Commons:GLAMwiki Toolset Project/Technical Architecture/Maintain versioned Metadata Sets

From Wikimedia Commons, the free media repository
Jump to navigation Jump to search

Maintain versioned Metadata Sets

[edit]

Why

[edit]
  1. Complete transparency of the provenance of an upload
    • By uploading the actual metadata set that was used to create the media files, it’s completely transparent to any Wikimedia Commonist what the basis of the upload is.
  2. Re-use of metadata sets without re-upload
    • If an improved mapping is created, an update of all the uploaded media file metadata can be accomplished without actual re-uploading the metadata set.
  3. Transparency of metadata set updates
    • If the original metadata set is uploaded in complete format and is then updated (with new or deleted media items or updated metadata of existing items) the “built in” versioning of MediaWiki allows for users/re-users of the metadata set to transparently choose a version to use, or to revert to an older version if a new version for some reason would be corrupt.
  4. Richer/more expressive metadata
    • The original metadata is very often richer/more expressive than what can be expressed in the default Wikimedia Commons templates - even the quite rich Artwork template. So while a mapping may then be lossy (not only due to incompatible data models, could simply be human error) the original metadata is available and a richer mapping can be performed without a need for a full re-upload of all metadata.
  5. Job queue throttling
    • Having the metadata set within the wiki makes it easier to throttle the creation of job queue jobs.
  6. New Commons templates
    • Let's say a GLAM uploads a number of historical maps using Artwork as the target template. Later, a specific Map template is introduced by the Commons community.
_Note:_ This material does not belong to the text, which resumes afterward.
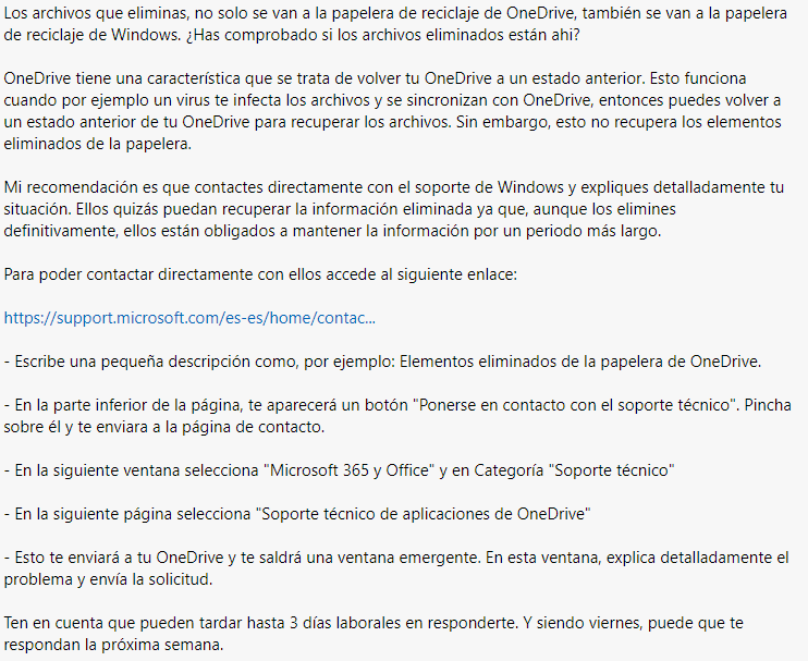 Lamento escuchar sobre el problema que está experimentando con OneDrive. Entiendo que borraste accidentalmente algunos archivos de la papelera y estás buscando recuperarlos. Solo un aviso de que, en lo que respecta a este tipo de problema, nuestra opción es limitada y solo podemos realizar pasos básicos de solución de problemas. Por favor, permítanme hacerle algunas preguntas para entender mejor su inquietud.

A GLAM-tool user could then simply re-map that map collection to the Map template, again without the need for an actual re-upload of metadata.
  7. Connecting with Wikidata:Data collaborators
    • We thought that having the actual metadata would be something that the Wiki movement would be interested in, see Wikidata bulkuploads.


Requirements

[edit]
  • File sizes
    • can range from a few kilobytes to several megabytes.
    • max file-size is 100mb.
  • XML Schema - not required.
  • XML DTD - not required.
  • When metadata is in XML format, each record must consist of a single parent with many child
    • XML attribute lang= is the only one currently used and without user interaction
  • There is no need to display the Metadata sets in the wiki.
  • There is no need to edit the Metadata sets in the wiki.


Potential Solutions

[edit]
  1. Upload the Metadata Set to the File: namespace
    • upload metadata files to the wiki and store them as files using the user name as a unique identifier; thus Rijksmuseum.xml becomes File:Rijksmuseum-Dan-nl.xml.
    • add a category to the uploaded metadata files GWToolset Metadata Set for reference so that Metadata Sets can be found on the page Category:GWToolset_Metadata_Sets.
  2. Use ContentHandler
    • upload metadata files to the wiki and store them with ContentHandler as TextContent under the namespace GWToolset using the user name to create a unique path; thus Rijksmuseum.xml becomes Metadata_Sets/Dan-nl/Rijksmuseum.xml
    • Metadata Sets can then be found on the page Special:PrefixIndex/GWToolset:Metadata_Sets or Special:PrefixIndex/GWToolset:Metadata_Sets/Dan-nl
  3. “What I would suggest is a hybrid approach. The metadata file gets uploaded, and is stored using FileBackend class. (There's a couple extensions that store "files" without them being a file page. For example the Score extension stores the rendered files on the server, but its not attached to any file page). Once the xml file is on the server, use ContentHandler to make a new content type that stores a reference to the file [instead of the original file] (probably in the form of a mediawiki virtual file url).”
    -- http://thread.gmane.org/gmane.science.linguistics.wikipedia.technical/71536/focus=71839
    -- Bawolff (talk) 19:19, 31 Jul 2013 (UTC)
  4. Breakup the metadata records and store each one as a ContentHandler object in a new namespace, e.g. Original Metadata, pointing to a reference ContentHandler object in Original Metadata Sets. The concept is similar to how the new namespace Campaign is implemented.
    • the initial upload would store the XML file in the upload stash
    • a batch job would process the stash file, converting it into corresponding objects in the ContentHandler namespaces
    -- discussion with Multichill (talk) 07:03, 27 Sep 2013 (UTC)